3.8. Ten aanzien van hoogte en specificatie van de declaraties overweegt de Kamer het volgende. Ingevolge artikel 55, tweede lid, van de Wna kan een geschil over de hoogte van de declaratie door de meest gerede partij aan de voorzitter van het bestuur van de desbetreffende ring van de Koninklijke Notariële Beroepsorganisatie worden voorgelegd. De ringvoorzitter toetst volledig. Tegen de beslissing van de ringvoorzitter staat beroep open bij de rechtbank en hoger beroep bij de Afdeling bestuursrechtspraak van de Raad van State. Dat laat onverlet de bevoegdheid van de Kamer een klacht met betrekking tot een declaratie te toetsen aan de norm van artikel 98, eerste lid, Wna. De Kamer toetst in zo’n geval slechts marginaal.
De Kamer komt na marginale toetsing tot het oordeel dat er geen feiten of omstandigheden zijn gebleken die nopen tot het oordeel dat de oud-notaris in redelijkheid niet tot zijn declaratie had kunnen komen. Hierbij is onder meer van belang dat het bezwaar van klagers zich met name richt tegen het grote aantal uren dat volgens hen is besteed aan het bestuderen van literatuur. In de specificatie van de oud-notaris zijn echter bij elke opgave van eht aantal bestede uren verschillende werkzaamheden vermeld, waarvan bestudering van literatuur slechts een onderdeel vormt. Uit hetgeen klagers op dit punt hebben aangevoerd kan niet worden afgeleid dat de declaratie apert onredelijk is.
Uit het voorgaande volgt dat de klacht naar het oordeel van de Kamer in zoverre ongegrond is.

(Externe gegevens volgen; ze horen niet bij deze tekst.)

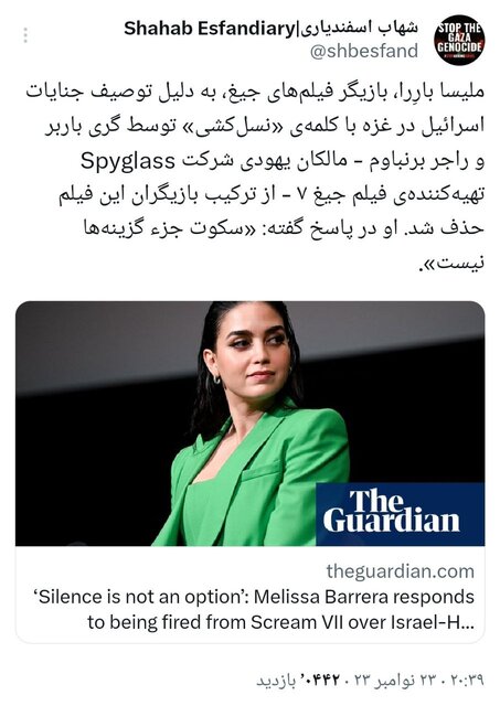 یک فعال رسانه‌ای در توئیتی در واکنش به اخراج بازیگر فیلم جیغ به خاطر محکومیت نسل کشی رژیم صهیونیستی نوشت: سکوت جزو گزینه‌ها نیست!
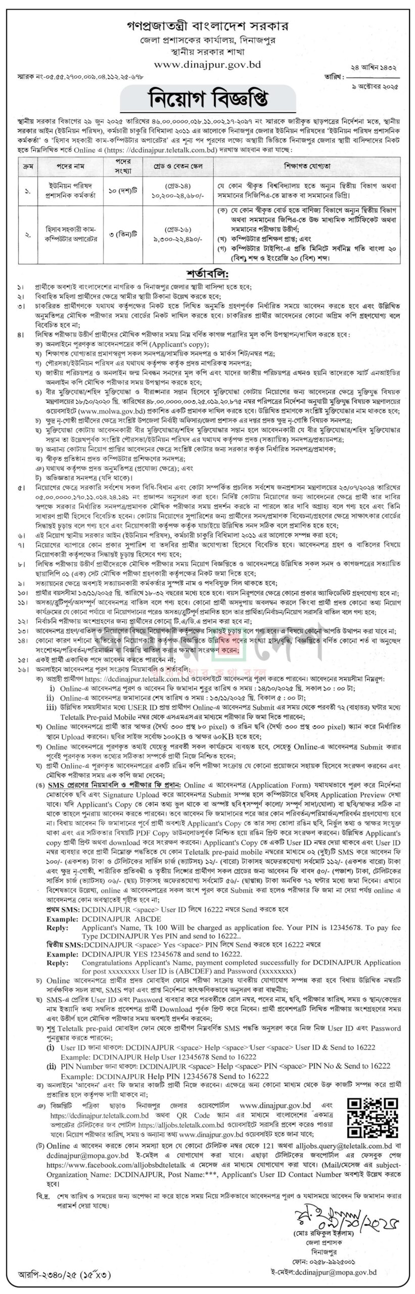 See/download Deputy Commissioner Office Dinajpur Job Circular 2025, Job Apply Instructions, Job Application Form, Application Fee, Payment Process, Salary, Age, and Other Information from the images below:
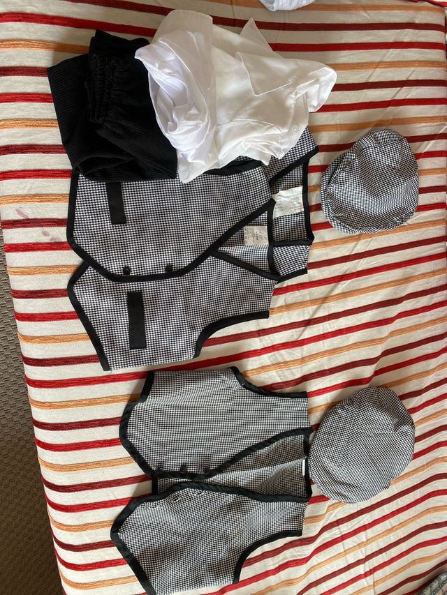 Detalles del productoConjunto chulapo para bebé, ideal para ocasiones especiales. Incluye dos chalecos 1 pantalón , 1 camisa , 1 gorro talla 1-2 años. y 1 chaleco - gorro de 4-6 años a juego y dos gorras. Los chalecos son de cuadros blancos y negros, con ribetes negros. Las gorras son del mismo tejido. Perfecto estado.
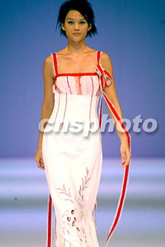 圖:香港設計師鄭兆良的“仿旗袍天女下凡裝” 2002年07月12日 10:09 ![]() “2003香港春夏時裝節”7月10日晚舉行香港十位頂尖設計師作品展示,模特展示著名設計師鄭兆良設計的一款仿旗袍低胸配紅長飄帶女裙,恍如天女下凡。任晨鳴 攝
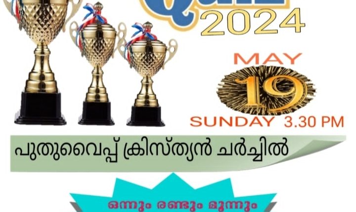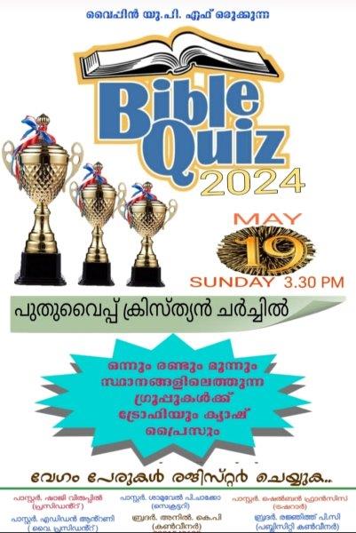വൈപ്പിൻ : പുതുവൈപ്പ് ക്രിസ്ത്യൻ ചർച്ചിൽ ഇന്ന് ഉച്ചകഴിഞ്ഞ് 3 .30 ന് യുണൈറ്റഡ് പെന്തക്കോസ്ത് ഫെലോഷിപ്പിൻ്റെ (യുപിഎഫ് ) ആഭിമുഖ്യത്തിൽ ബൈബിൾ ക്വിസ് മത്സരം നടത്തുന്നു.
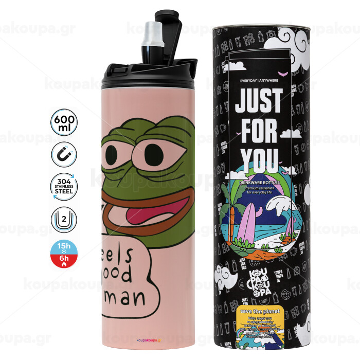 Pepe the frog, Tumbler ποτήρι θερμό ΡΟΖ από ανοξείδωτο ατσάλι 600ml
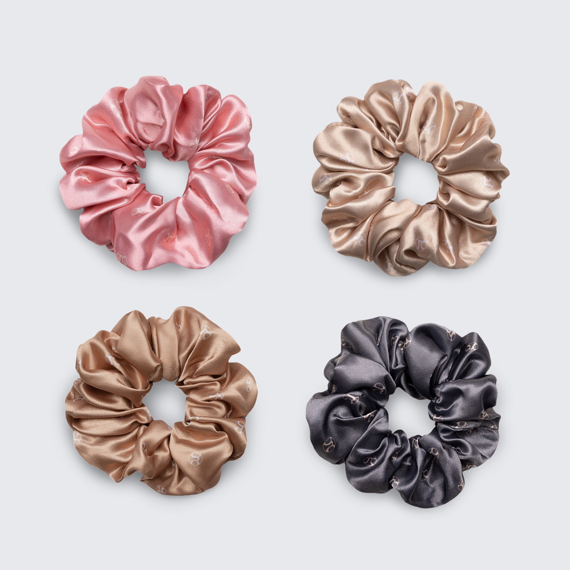 This assorted pack of 4 contains 1 charcoal, 1 pink, 1 rich cream, and 1 golden Satin Scrunchie.

3.9. Ten aanzien van de klachten over de inhoud en de wijze van totstandkoming van het bindend advies van 7 juni 2004 overweegt de Kamer ten slotte het volgende. Het oordeel of klagers gebonden zijn aan het bindend advies ondanks dat zij van mening zijn dat het advies in verband met de inhoud en de wijze van totstandkoming daarvan in de gegeven omstandigheden naar maatstaven van redelijkheid en billijkheid onaanvaardbaar is, is voorbehouden aan de civiele rechter, die daaromtrent in een procedure op basis van artikel 7:904 BW een beslissing kan geven. Ten aanzien van dit klachtonderdeel acht de Kamer zich derhalve onbevoegd een oordeel te geven.

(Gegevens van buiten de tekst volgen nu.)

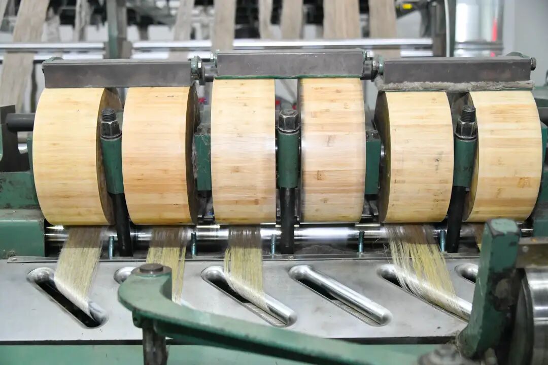 走进“亚麻超级工厂”的崭新车间,一捆捆从法国、比利时进口的原麻正被摞在机器旁。它们将经历分束、喂麻、并条、纺纱等8、9个步骤,转化为细如发丝的高支亚麻纱。
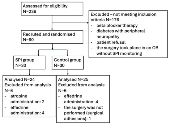 We included 49 patients in the final analysis, 24 in the SPI-guided group and 25 in the control group (Figure 1). There were no differences between the demographical data in the two groups regarding age, height, weight, BMI, gender, ASA score (Table 1). Vital signs as well as SPI recordings are detailed in Table 2. Overall, hemodynamic parameters were similar in both groups. No significant differences at any time point were registered for MAP (all p > 0.05) or HR, though after exsufflation there was a trend toward higher HR in the SPI group, but not significant (p = 0.055). A small trend toward lower SPI was registered in the SPI-guided group during incision and pneumoperitoneum (p = 0.066 and 0.069, respectively), despite SPI values being comparable across groups.
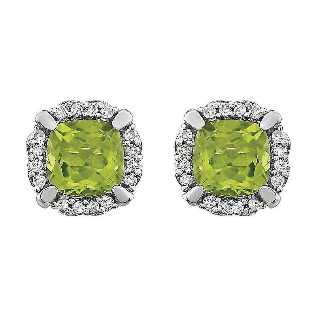 14k White Gold Peridot-Peridot and 0.1 Dwt Diamond Earrings Stud Earring for Women
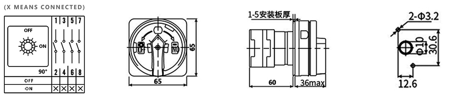 Hogar / Producto / Interruptor de cámara / Interruptor de desconexión trifásico tipo leva de cuatro cables ZHUCO LW42B32-1016/LF101-C11
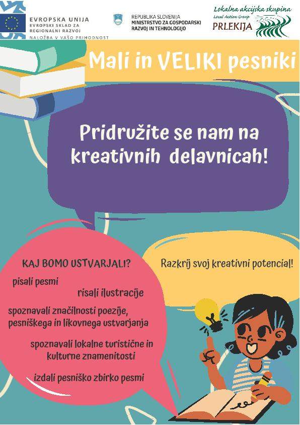 Na osnovnih šolah smo projektni partnerji izvedli kreativne in medgeneracijske delavnice z namenom, da otrokom približamo lokalne turistične in kulturne znamenitosti ter jih seznanimo s poezijo in pesniškim ustvarjanjem. Kot rezultat kreativnih in medgeneracijskih delavnic so otroci napisali pesmice v rimah na temo lokalnih turističnih in kulturnih znamenitosti območja LAS Prlekija. Pesmi so poleg otrok ustvarjale tudi njihove babice in dedki. Nastalo pesniško zbirko smo obogatili tudi z ilustracijami, ki so jih pripravili varovanci Socialno varstvenega zavoda Hrastovec, enote Apače in osnovnošolski ter vrtčevski otroci iz sodelujočih šol.
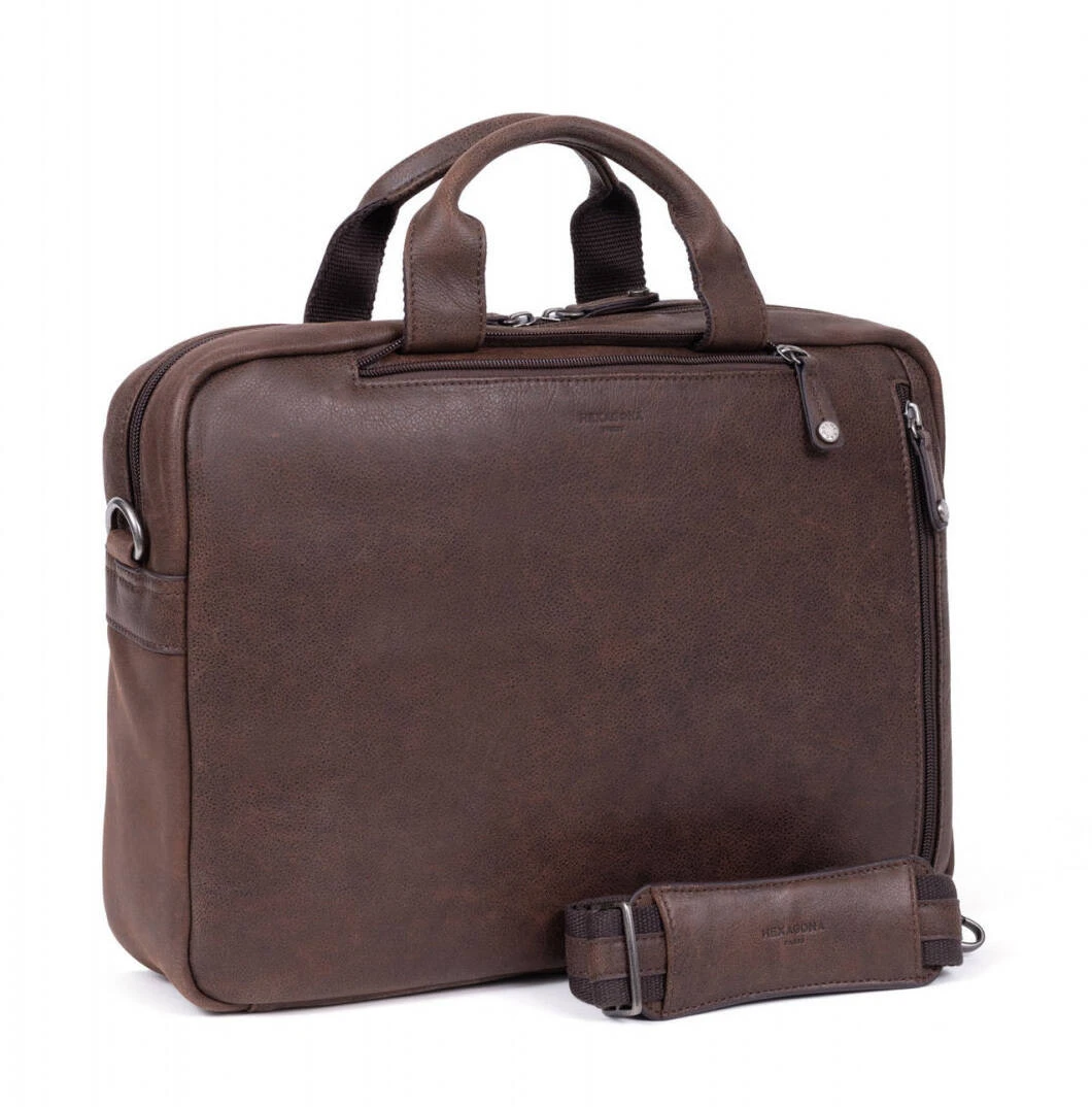 Sac transformable 13″ et A4 en cuir de vachette marron ,dans un look Moderne et jeune,il se distingue par son cuir de vachette vieilli qui lui confère une grande qualité et résistance. Il possède une Fermeture zippée à double curseur, des Finitions argent vieilli. Il se porte à l’aide de ses Deux poignées non réglables et 2 bretelles réglables (avec possibilité de rangement) (45 cm mini / 96 cm maxi). De plus , ce sac vous propose également Une bandoulière supplémentaire réglable amovible avec renfort d’épaule (93 cm mini / 153 cm maxi). Son format est Compatible ordinateur portable 13″ et format A4.Il vous offre pleins de possibilités, en effet, vous pouvez le porter à la main , à l’épaule ou bien façon sac à dos !L’intérieur est entièrement doublé, doublure synthétique, il y un compartiment principal avec un compartiment ordinateur rembourré, une poche plate zippée et deux poches plates (dont un compartiment téléphone). Et à l’extérieur, vous avez une poche avant zippée avec une poche avant plate zippée (avec possibilité d’y ranger la poignée) et une poche arrière plate zippée (avec possibilité d’y ranger les bretelles) avec une poche plate zippée.
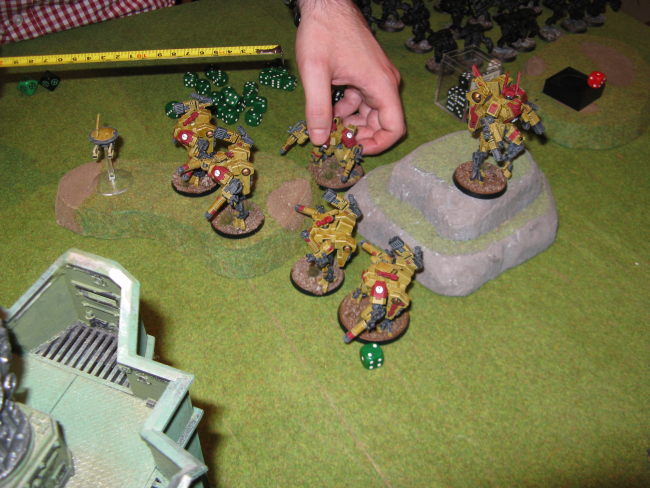 Auf der rechten Seite haben die Tau´s ihre Feuerkaft demonstriert und alles weggeschossen. Nur das Charaktermodell lebte eine Runde weiter.
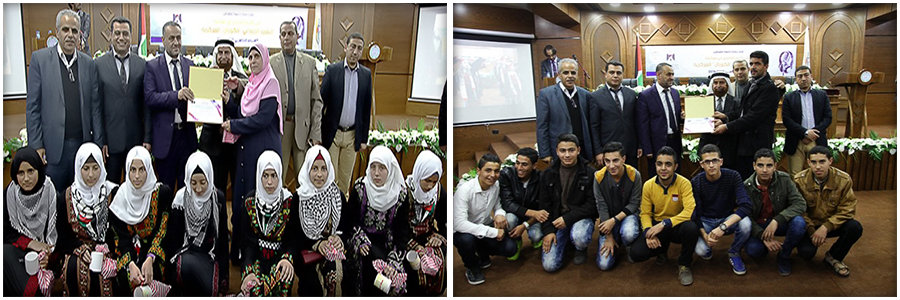 كرّمت الإدارة العامة للأنشطة التربوية في وزارة التعليم الطلبة الفائزين في مسابقة النشيد الجماعي "الكورال" وذلك في مقر جامعة فلسطين راعية المسابقة.

3.10. Nu de klacht naar het oordeel van de Kamer gedeeltelijk gegrond is, staat de vraag ter beantwoording of aan de oud-notaris een tuchtrechtelijke maatregel moet worden opgelegd. De Kamer beantwoordt deze vraag bevestigend. Door de handelwijze van de oud-notaris is het vertrouwen in het ambt van notaris in belangrijke mate geschaad. De Kamer acht in dit geval het opleggen van de maatregel van waarschuwing passend.
4. De beslissing
De Kamer van Toezicht:
- verklaart de klacht inzake schending van de informatieplicht en het ten onrechte zonder meer aanvaarden van de rol als bindend adviseur gegrond;
- verklaart de klacht inzake de hoogte en specificatie van de declaraties ongegrond;
- legt aan de oud-notaris de maatregel van waarschuwing op;
- acht zich onbevoegd een oordeel te geven over de inhoud en totstandkoming van het bindend advies van 7 juni 2004.

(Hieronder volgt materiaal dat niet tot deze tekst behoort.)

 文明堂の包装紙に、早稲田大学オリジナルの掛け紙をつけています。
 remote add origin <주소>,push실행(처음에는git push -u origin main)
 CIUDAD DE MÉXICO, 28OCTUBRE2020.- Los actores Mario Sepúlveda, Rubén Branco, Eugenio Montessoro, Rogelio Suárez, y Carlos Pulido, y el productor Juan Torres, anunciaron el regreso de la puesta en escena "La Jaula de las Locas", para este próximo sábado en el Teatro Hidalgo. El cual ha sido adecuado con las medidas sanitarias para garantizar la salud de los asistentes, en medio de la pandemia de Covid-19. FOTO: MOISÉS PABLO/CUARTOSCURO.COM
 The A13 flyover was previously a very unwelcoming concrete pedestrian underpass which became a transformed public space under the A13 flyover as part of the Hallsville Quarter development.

Gewezen te Utrecht door mr. C.J.M. Meekers, wnd. voorzitter, mrs. E.J.M. Kerpen en C.A.W. Walsteijn, leden, en mrs. B.J.M. Gehlen en H. Hilberts, plv. leden, bijgestaan door mr. A.M. Rijs, plv. secretaris, op 16 december 2004.
De secretaris De voorzitter
Tegen deze beslissing kan binnen dertig dagen na de verzenddatum daarvan hoger beroep worden ingesteld bij het Gerechtshof te Amsterdam, Civiele Griffie, Postbus 1312, 1000 BH Amsterdam.